Dalam Islam, sasaran
dakwah adalah seluruh umat manusia (masyarakat). Keberhasilan dakwah ditentukan
oleh faktor-faktor yang berpengaruh, salah satu di antaranya adalah adanya
lingkungan mad’u yang dikenal sebagai masyarakat.

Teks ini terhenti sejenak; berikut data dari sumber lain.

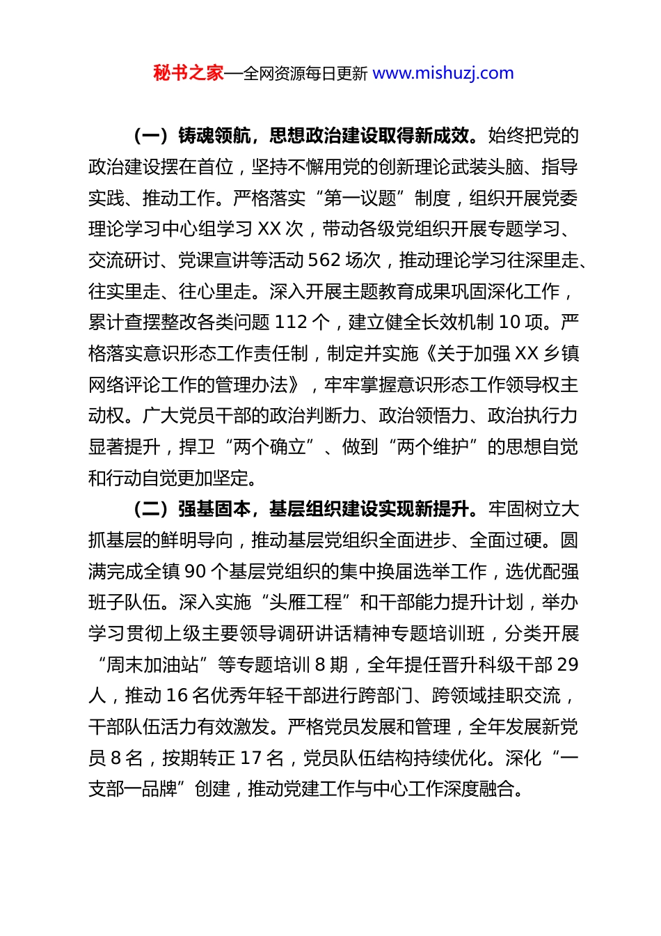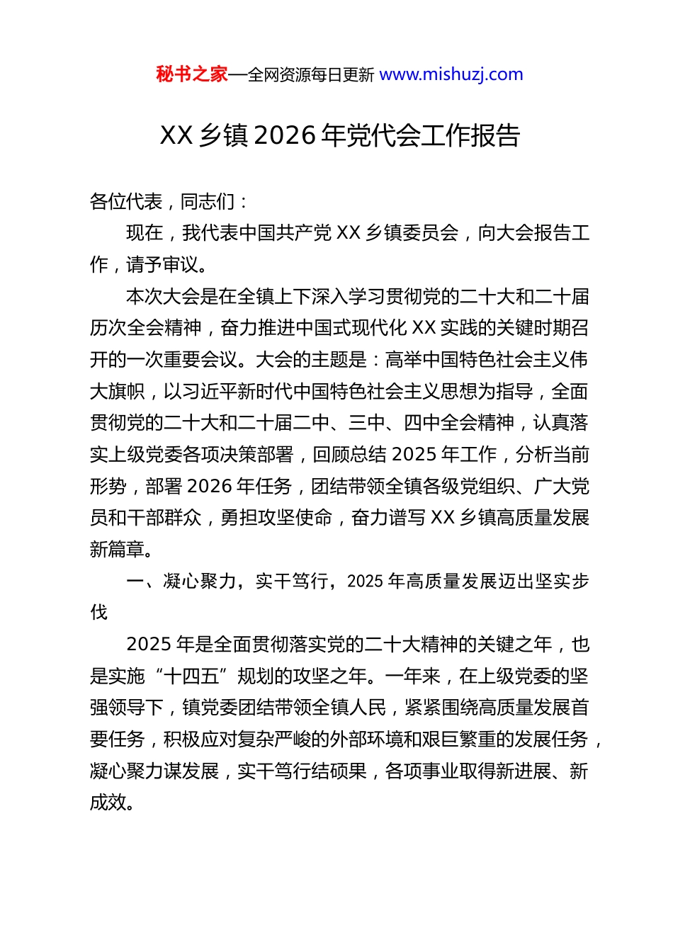 秘书之家—全网资源每日更新 www.mishuzj.comXX 乡镇 2026 年党代会工作报告各位代表,同志们:现在,我代表中国共产党 XX 乡镇委员会,向大会报告工作,请予审议。本次大会是在全镇上下深入学习贯彻党的二十大和二十届历次全会精神,奋力推进中国式现代化 XX 实践的关键时期召开的一次重要会议。大会的主题是:高举中国特色社会主义伟大旗帜,以习近平新时代中国特色社会主义思想为指导,全面贯彻党的二十大和二十届二中、三中、四中全会精神,认真落实上级党委各项决策部署,回顾总结 2025 年工作,分析当前形势,部署 2026 年任务,团结带领全镇各级党组织、广大党员和干部群众,勇担攻坚使命,奋力谱写 XX 乡镇高质量发展新篇章。一、凝心聚力,实干笃行,2025 年高质量发展迈出坚实步伐2025 年是全面贯彻落实党的二十大精神的关键之年,也是实施“十四五”规划的攻坚之年。一年来,在上级党委的坚强领导下,镇党委团结带领全镇人民,紧紧围绕高质量发展首要任务,积极应对复杂严峻的外部环境和艰巨繁重的发展任务,凝心聚力谋发展,实干笃行结硕果,各项事业取得新进展、新成效。秘书之家—全网资源每日更新 www.mishuzj.com(一)铸魂领航,思想政治建设取得新成效。始终把党的政治建设摆在首位,坚持不懈用党的创新理论武装头脑、指导实践、推动工作。严格落实“第一议题”制度,组织开展党委理论学习中心组学习 XX 次,带动各级党组织开展专题学习、交流研讨、党课宣讲等活动 562 场次,推动理论学习往深里走、往实里走、往心里走。深入开展主题教育成果巩固深化工作,累计查摆整改各类问题 112 个,建立健全长效机制 10 项。严格落实意识形态工作责任制,制定并实施《关于加强 XX 乡镇网络评论工作的管理办法》,牢牢掌握意识形态工作领导权主动权。广大党员干部的政治判断力、政治领悟力、政治执行力显著提升,捍卫“两个确立”、做到“两个维护”的思想自觉和行动自觉更加坚定。(二)强基固本,基层组织建设实现新提升。牢固树立大抓基层的鲜明导向,推动基层党组织全面进步、全面过硬。圆满完成全镇 90 个基层党组织的集中换届选举工作,选优配强班子队伍。深入实施“头雁工程”和干部能力提升计划,举办学习贯彻上级主要领导调研讲话精神专题培训班,分类开展“周末加油站”等专题培训 8 期,全年提任晋升科级干部 29人,推动 16 名优秀年轻干部进行跨部门、跨领域挂职交流,干部队伍活力有效激发。严格党员发展和管理,全年发展新党员 8 名,按期转正 17 名,党员队伍结构持续优化。深化“一支部一品牌”创建,推动党建工作与中心工作深度融合。秘书之家—全网资源每日更新 www.mishuzj.com(三)正风肃纪,全面从严治党展现新作为。坚决扛起管党治党政治责任,纵深推进党风廉政建设和反腐败斗争。高质量完成上级巡察反馈意见整改,落实整改措施 231 条,修订完善制度机制 10 项,做好巡察“后半篇文章”。精准运用监督执纪“四种形态”,依规依纪依法给予党纪政务处分 14 人,开展诫勉谈话、提醒谈话 10 人次,抓早抓小、防微杜渐。坚持严管和厚爱结合、激励和约束并重,认真落实“三个区分开来”要求,为 2 名在改革探索、推动发展中出于公心、担当作为而出现工作失误的干部予以容错免责,旗帜鲜明地为敢于担当、踏实做事的干部撑腰鼓劲,营造了风清气正、干事创业的良好政治生态。(四)践行民主,全过程人民民主彰显新效能。坚持党的领导、人民当家作主、依法治国有机统一,不断丰富民主形式,拓宽民主渠道。打造“石榴籽 e 家”等特色品牌,促进民族团结,联动高校开展“名企探岗”等活动,助力青年就业。高质量完成武装部规范化建设,成功创建三星级基层武装部,全年选送 2 名优秀青年光荣入伍。工会、共青团、妇联等群团组织桥梁纽带作用充分发挥,常态化开展“四季关爱”、职工劳动技能竞赛等活动,完成四个街区妇联组建及“活水园区”妇女组织覆盖工作,最广泛地凝聚了社会各界共识和力量。(五)聚焦发展,经济综合实力迈上新台阶。坚持发展是第一要务,全力稳增长、促转型,经济运行稳中有进、持...

Hakikat Dakwah dan Teknologi
Untuk melihat lebih
jelas apa hubungan dakwah dan perkembangan masyarakat, maka perlu didahului
dikemukakan pengertian dakwah sebagai berikut: secara harfiah (etimologi) kata
dakwah menurut Muhammad Fuad[5] mengandung
arti antara lain: ajakan, panggilan, seruan, permohonan (do’a), pembelaan dan
lain sebagainya. Pemahaman seperti ini dapat dijumpai di dalam ayat-ayat
al-Qur’an sebagai berikut: (Q.S. al-Baqarah/2:221), (Q.S. Yusuf/12: 33), (Q.S.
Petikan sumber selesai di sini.